Many people want to collect street art, but there are issues with taking it directly from the street. Annabelle Gauberti, president of ialci, explains the issues you need to be aware of. Read it in Private Art Investor.
Works of street art can be found and bought in reputable art galleries, which legitimately represent famous street artists such as C215, Banksy and Invader.
This type of works of street art, which were purposefully created and then placed on consignment by the street artists in selected galleries, each comes with a certificate of authenticity.
However, some works of street art are found – and collected – directly in the streets, as a result of the illegal activities that these same street artists perform. For example, French street artist Invader is famous for circulating in Paris and other cities at night, then gluing his famous mosaic graffiti representing colourful space invaders on buildings and walls .
If a collector, who found the work of art in the streets, decides to sell that piece of street art either through a gallery or a broker, how can he make sure that such sale is lawful?
Before we answer this question, we need to check who owns the work of street art, which was gathered from the streets.
Unfortunately, there is no clear-cut answer to this question.

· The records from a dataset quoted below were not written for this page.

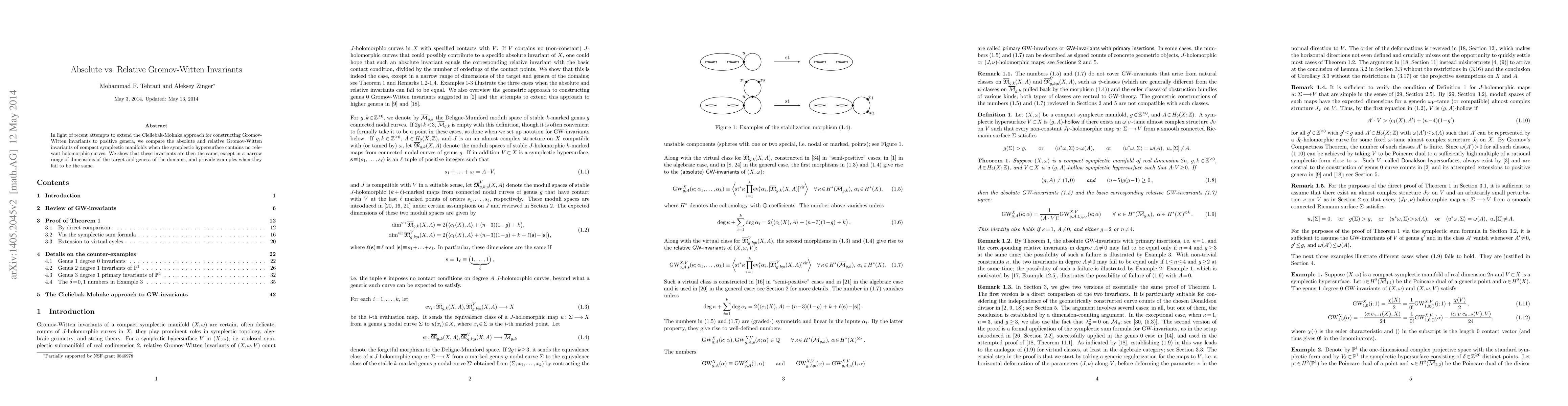 This paper compares absolute and relative Gromov-Witten invariants for compact symplectic manifolds, demonstrating that they coincide except in a specific dimensional range, and provides examples where they differ.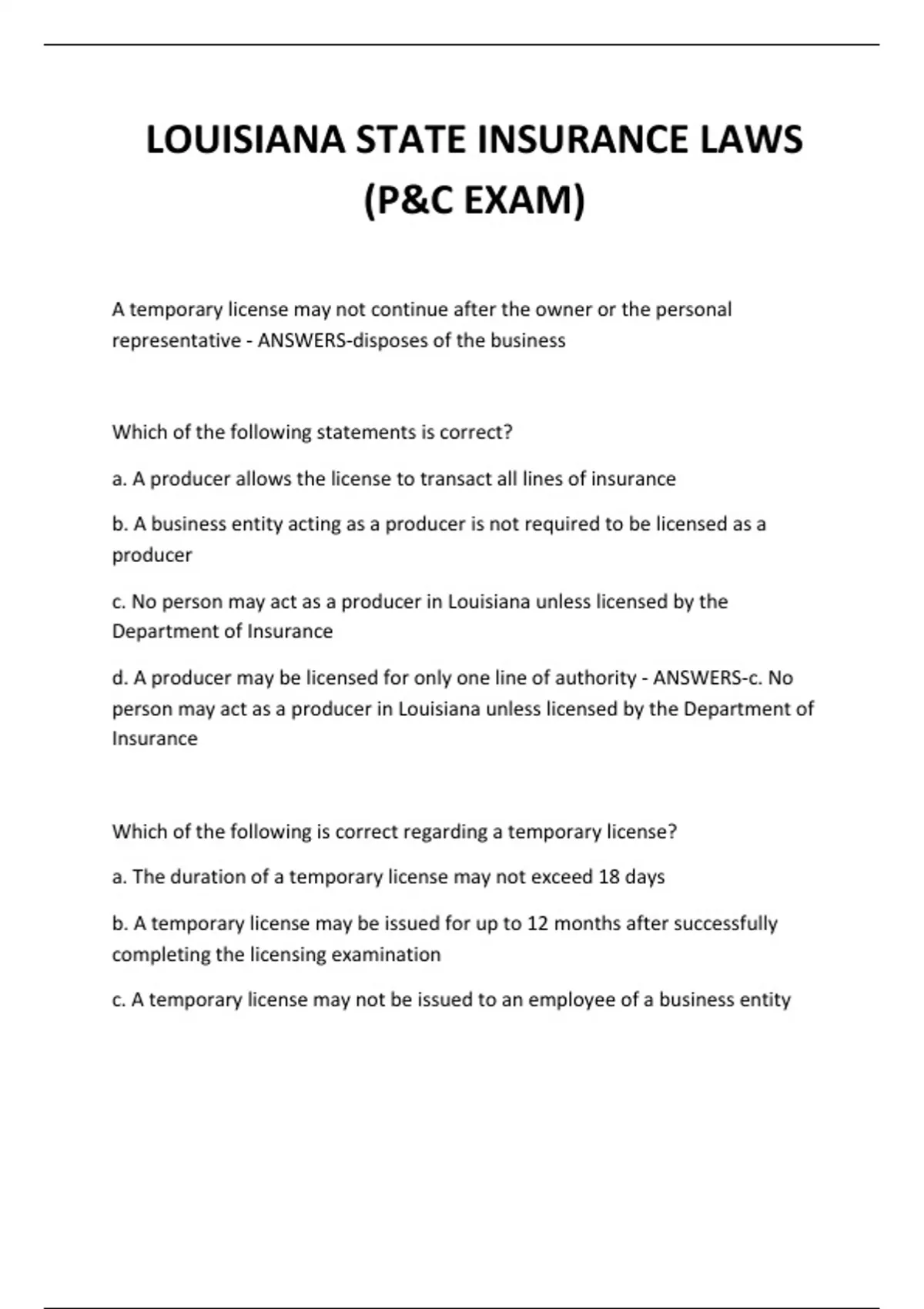 d. A producer may be licensed for only one line of authority - ANSWERS-c. No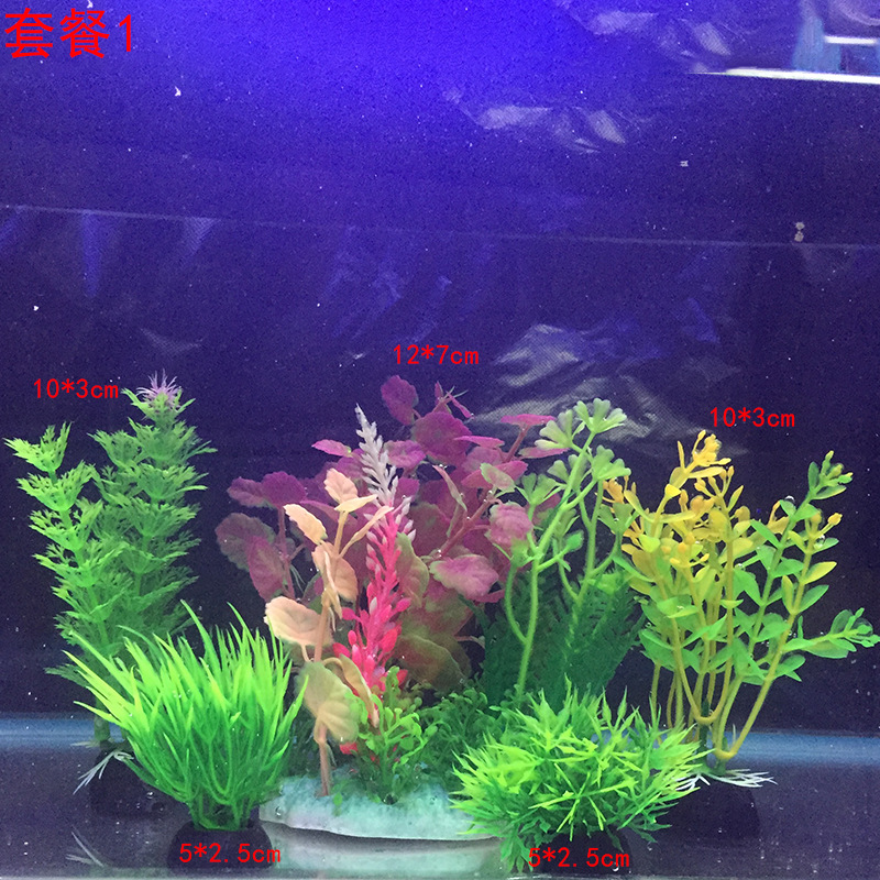 어항 장식 수초 수족관 조경 인조 수초 플라스틱 꽃과 식물 다양한 크기 장식품 간편 세트
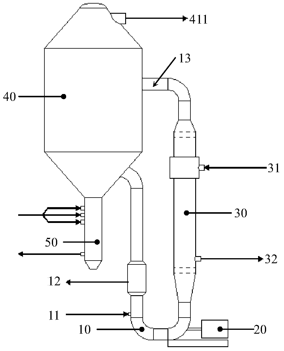 根據本發明的另一具體實施方式,第一循環水入口的下方還設置有第二循 環水入口,第二循環水入口與循環管道連接,用于向閃蒸罐的底部和/或鹽洗滌 腿的頂部噴入經加熱裝置加熱的廢水。例如,經加熱裝置加熱后,5-15%體積的 過熱廢水由第二循環水入口進入閃蒸罐的底部和/或鹽洗滌腿的頂部,85-95%體 積的過熱廢水由第一循環水入口進入閃蒸罐內。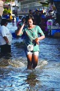 湄南河下游、距离曼谷约15公里的北榄省的码头区域居民现在每年已经有数个月时间必须忍受到达他们脚踝的水位。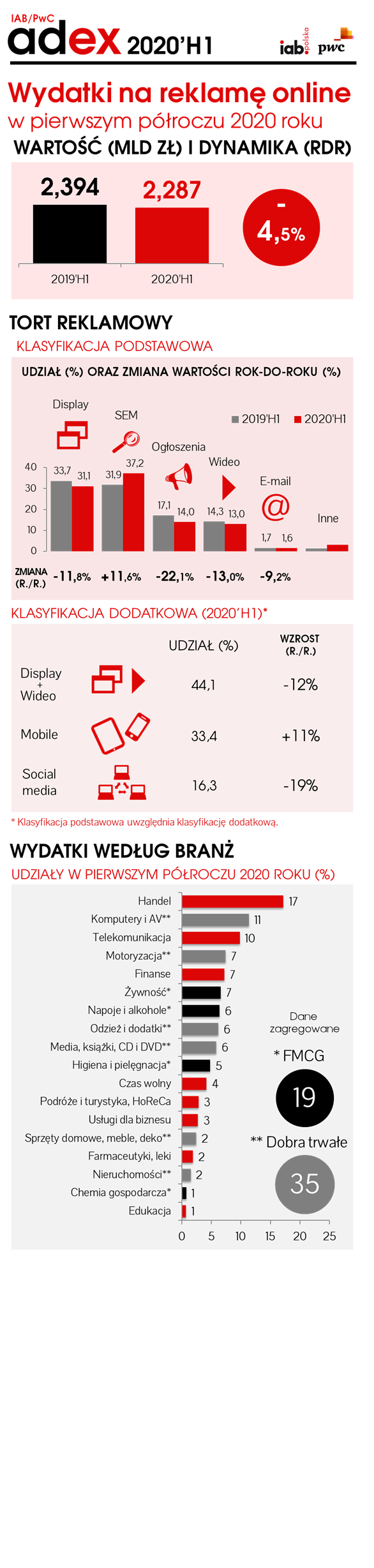 W pierwszym półroczu 2020 roku po raz pierwszy w historii badania IAB Polska/PwC AdEx wydatki na reklamę online odnotowały spadek. Pandemia, która wymusiła na reklamodawcach zmiany w planach marketingowych, konieczność modyfikacji założeń całych kampanii reklamowych czy wręcz zamrażanie budżetów, wpłynęła na ten jedyny dotychczas segment komunikacji, który cieszył się niezmiennymi wzrostami. Pierwsze oznaki wyhamowania były widoczne już w marcu. Wtedy jednak pierwsze dwa miesiące roku były na tyle dobre (indeks wzrostu za styczeń i luty wyniósł 8%), że cały kwartał skończył się na plusie (4%). W kwietniu i maju spadki jednak sięgały już poziomu -15%. Odwrócenie trendu przyniósł dopiero czerwiec, choć i w tym miesiącu zanotowano indeks ujemny (-5%).

Before putting the work of street art in the public domain, on a wall, concrete sidewalk, etc. the artwork, and any copyright in such artwork, belonged to the street artist, of course.
However, by adding this work of street art on a wall, sidewalk, door, without asking for prior authorisation from the owner of such wall, sidewalk or door, then the street artist commits a crime.
In France, for example, the author of an unauthorised graffiti may be liable to a fine of Eu3,750 as well as community service if the damage caused to walls, vehicles, public alleys or urban assets is “light”. When it is not, the author may be sentenced to seven years of jail time as well as a Eu100,000 fine.
Therefore, pursuant to article L112-1 of the French intellectual property code and the most recent French case law, when the creative work is illicit, it will not benefit from the protection of copyright afforded by the French intellectual property code.
Moreover, the author of a criminal act consisting in degrading a wall or pieces of urban furniture (trains, letter boxes, etc.) does not have any incentive to come forward and be recognised as the author of such degradations (since the police and criminal courts could come after him if he admits that he is responsible).
There is therefore a “legal void”, in this situation, because the street artist, who puts the work of street art in the streets without obtaining prior authorisation, “looses” his ownership rights in the art object as well as his copyright in such art object.
Is the person who collects this illegal work of street art, in the streets, the new owner of this piece of street art, then?
De facto, yes, because this collector of the illegal work of street art has the physical possession of the art object.
However, this “gatherer” of the work of street art is definitely not the owner of the copyright in the work of street art. Indeed, this copyright was lost when the work of street art was put illegally in the streets, by the street artist.
This “legal void” creates a lot of complications and potentially, high risks of litigation should a sale of a work of street art gathered from the streets, be contested by the creator of this work – the street artist.
I therefore recommend sellers of works of street art collected in the streets to ask for prior written authorisation and agreement from the street artist, or his or her heirs if the street artist is no longer alive. If possible, it would be also very useful to obtain a certificate of authenticity from the artist, in relation to this work of art.
Such agreement with the street artist would most definitely entail money changing hands, between the “gatherer” of the work of art in the streets and the street artist, upon the completion of the sale with a buyer.
However, I advise my clients to reach such an agreement before the sale of the art work, since any early financial arrangement made between the “gatherer” of the work of street art and the street artist is better than long, costly and stressful litigation post-sale of the work of street art.
From the viewpoint of the buyer of the work of street art, I believe that he will want to do some due diligence on the art work, before committing to any sale contract.
The common standards, in relation to due diligence applicable to the trade of an art work, are as follows:
– Checking the vendor’s title. Where doubt arises, a specific check into the Art Loss Register, the ICOM red lists and the database of Interpol might be necessary.
– Checking the goods’ authenticity. Where necessary, request an expert’s certificate.
Street art is becoming an increasingly larger part of the contemporary art market, with sky-rocketing sales at auctions and in the secondary market. However, because of the illegal nature of “putting” a work of street art in the streets, it is more complex now to complete successful and lawful sales transactions of works of street art.